Exposure Wars: The long, connected and continuing fight for accountability; Part III: The burn pit 'journey of hell'
Photo by Kevin D. Liles for The American Legion

Exposure Wars: The long, connected and continuing fight for accountability; Part III: The burn pit 'journey of hell'

Three days after Tammy McCracken’s husband ran a half marathon in October 2010, he woke from biopsy surgery to learn he was being promoted to colonel. Eleven months later, he was dead.

It was another year before McCracken made the connection between her late husband’s aggressive glioblastoma, which doubled in size every two weeks, and his exposure to toxic burn pits during a year-long deployment to Iraq. It took an additional three years and the help of an attorney and private medical experts to convince VA of the link. 

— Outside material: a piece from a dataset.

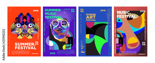 Summer Colorful Art and Music Festival Poster and Cover Template for Event, Magazine, and Web Banner.

Scores of Iraq and Afghanistan veterans have developed heart and lung problems, cancer and a host of other strange diseases that medical experts believe are tied to their exposure to burn pits. Yet McCracken is one of few people to successfully pursue VA claims tied to the U.S. military’s massive garbage-burning program in Iraq and Afghanistan – a practice so blatantly hazardous that it has been banned in the United States since the 1970s. And she worries VA will continue to stonewall tens of thousands of veterans and their families until it’s too late.

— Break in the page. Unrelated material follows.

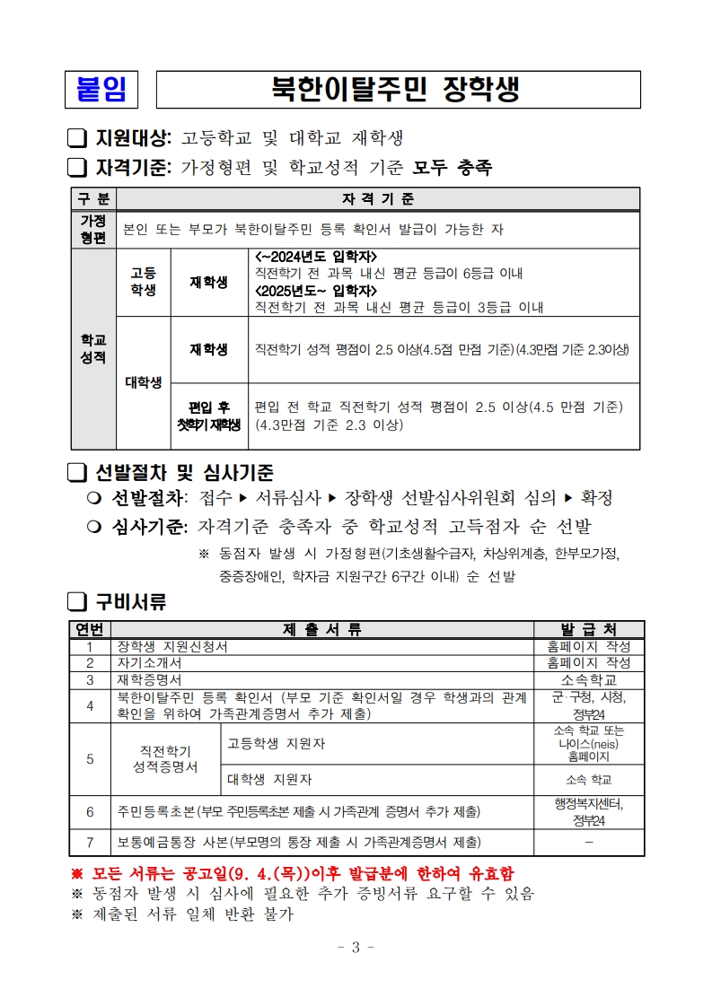 | 제목 | 2025년도 하반기 북한이탈주민 장학생 선발 재공고(추가모집) | ||||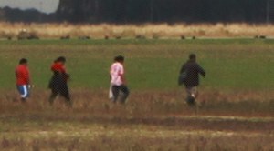 (no caminho, lentamente)

“It’s the new Agent Orange,” she says. “They are waiting for everyone to die.”

Remington Nevin, a doctor who served as a preventive health specialist with the 82nd Airborne in Afghanistan, shares her concern. “No one could have reasonably claimed that burning massive amounts of trash in close proximity to large
numbers of troops wouldn’t have consequences,” Nevin says. “In the medical and scientific community, there is overwhelming agreement that exposure to burning trash is inherently harmful. It is reckless in the extreme.” 

‘IRAQI CRUD’ McCracken’s husband went to Iraq in early 2008 as a liaison between the Army and the Army Corps of Engineers. There were three football-field-size burn pits near Camp Victory, where he was stationed. He talked about the horrible air quality during Skype calls with his wife and developed a persistent cough so common among servicemembers that they called it the “Iraqi crud.” 

David McCracken came home just after Christmas suffering from headaches he blamed on stress. He finally sought medical treatment the following summer and received prescription painkillers. But when he didn’t fully recover from anesthesia after routine surgery, physicians found an inoperable tumor growing in both hemispheres of his brain.

Physicians told McCracken’s husband he would live another two to five years. Radiation slowed the tumor’s growth, and he tried every experimental treatment. He died Sept. 2, 2011 – 30 years to the day after he joined the Army. The circumstances of his deployment, exposure and death are strikingly similar to those of former Vice President Joe Biden’s eldest son, Beau. A Delaware National Guardsman, Beau also was stationed at Camp Victory, was the same age as David McCracken, and was diagnosed with brain cancer after returning from deployment. Biden first publicly raised the possibility that his son’s death was tied to burn-pit exposure last January.

OCCUPATIONAL MEDICINE Tammy McCracken’s attorney hired an occupational and environmental medicine physician to verify the link between burn-pit exposure and the fast-growing glioblastoma that took her husband’s life. Victoria Cassano’s résumé includes 24 years as a Navy physician, occupational and environmental medicine policy work at VA, and positions at DoD, in academia and at hospitals.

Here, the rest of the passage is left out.